It strikes me that your life, Ojaabun, might be massively improved by thinking a little less and living a little more.


Yesterday I was involved in a series of capsuleer engagements that involved the death or injury of approximately three hundred enemy combatants and corporate personnel.

Upon RTB I retired to have an post-patrol meal of marinated herb lamb, vegetables, and a rich butter gravy accompanied with a bottle of 97 vintage shiraz viognier. Dinner was then concluded as I went through and confirmed all necessary death, injury, and grievance notices with attached insurance payouts to authorized next of kin through the SCC where possible via neural interface.

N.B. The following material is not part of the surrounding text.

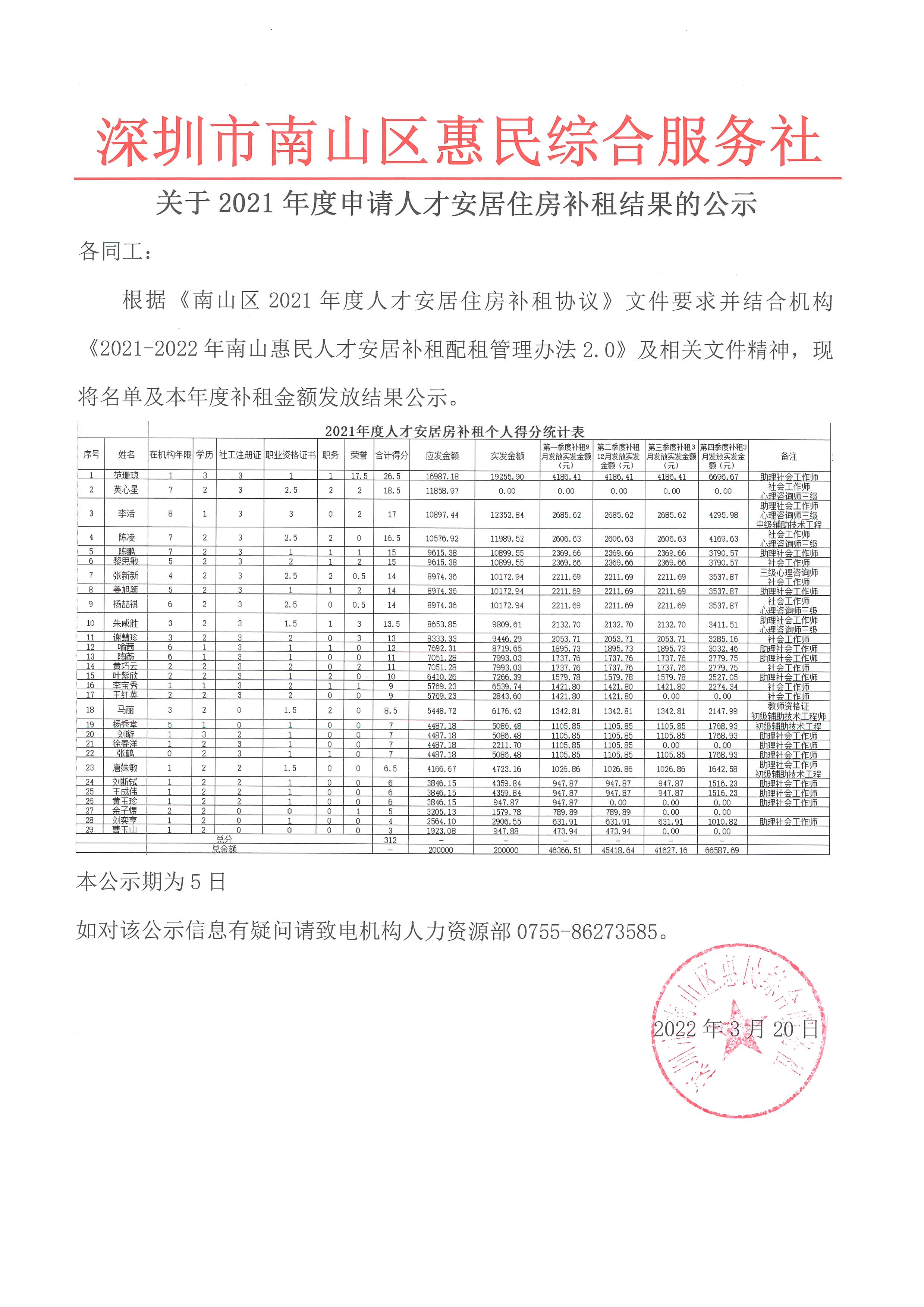关于2021年度人才安居住房补发放明细公示

Then I put on some Desienne piano concertos for the next two hours along with a few string quartets by Yamalle while I had a discussion with a quantitative mathematician and a financial software team regarding a new high frequency trading model related to some interesting prospects regarding commodities derivatives in the Republic. Dropped a line to an old Krusual friend which saved me time having to do things the old-fashioned way. Ran the model through the black boxes for a few hours while everything checked out. They did so I provided a copy and share of the cut to those required while everyone else got services rendered.

Went to bed watching some Caldari noir from the pre-Fed days while Blondie stood vigilant watch over the door as Syrikos hounds appear to have a want to do.

That's more or less a typical day in the week for me, give or take, so I'm not sure how my life might be massively improved doing anything different when I already find the duties I have at present more than satisfying and fulfilling at both a personal and professional level.

Kurilaivonen|Concern

Isis Dea
Society of Adrift Hope
#82 - 2013-09-21 06:24:57 UTC  |  Edited by: Isis Dea
Veikitamo Gesakaarin wrote:

That I feel is a difference between you and I. I see you continuously implying fault or weakness in others for failing to, "Embrace the darkness", whilst at the same time always seeking to draw attention to yourself. Your loneliness. Your hurt feelings. Your narcotization. To the point I see nothing more than affectation filled diatribe and the need to find solace in the sympathy of others, despite any allegations of understanding the darkness of the universe to the contrary. If the capsuleer life is truly found to be onerous then I would suggest -- not only to yourself but any others -- to run a warm bath, step in with a razor blade, open your veins and politely end yourself.


My capsuleer life is fine. My problem has been where people don't see it as fine. I DON'T want white knights in my life, I don't want people to see my life as loss without gain, I want them to see how I've grown and been empowered within power. What I have lived through, has made me into I am today . Perhaps there has been a grave misunderstanding here.

Miss Gesakaarin, after reading your last, I find perhaps we're a lot more similar than originally credited. I find your way of dealing with people admirable and necessary given what I feel when reading between the lines what you've had to brave in life to come to present day. Or perhaps I'm just assuming.

I think our difference is, while you find more enjoyment in watching people reach these conclusions on their own, I enjoy intervening early in a quest to relate. I interact, I rub off, sometimes unintentionally.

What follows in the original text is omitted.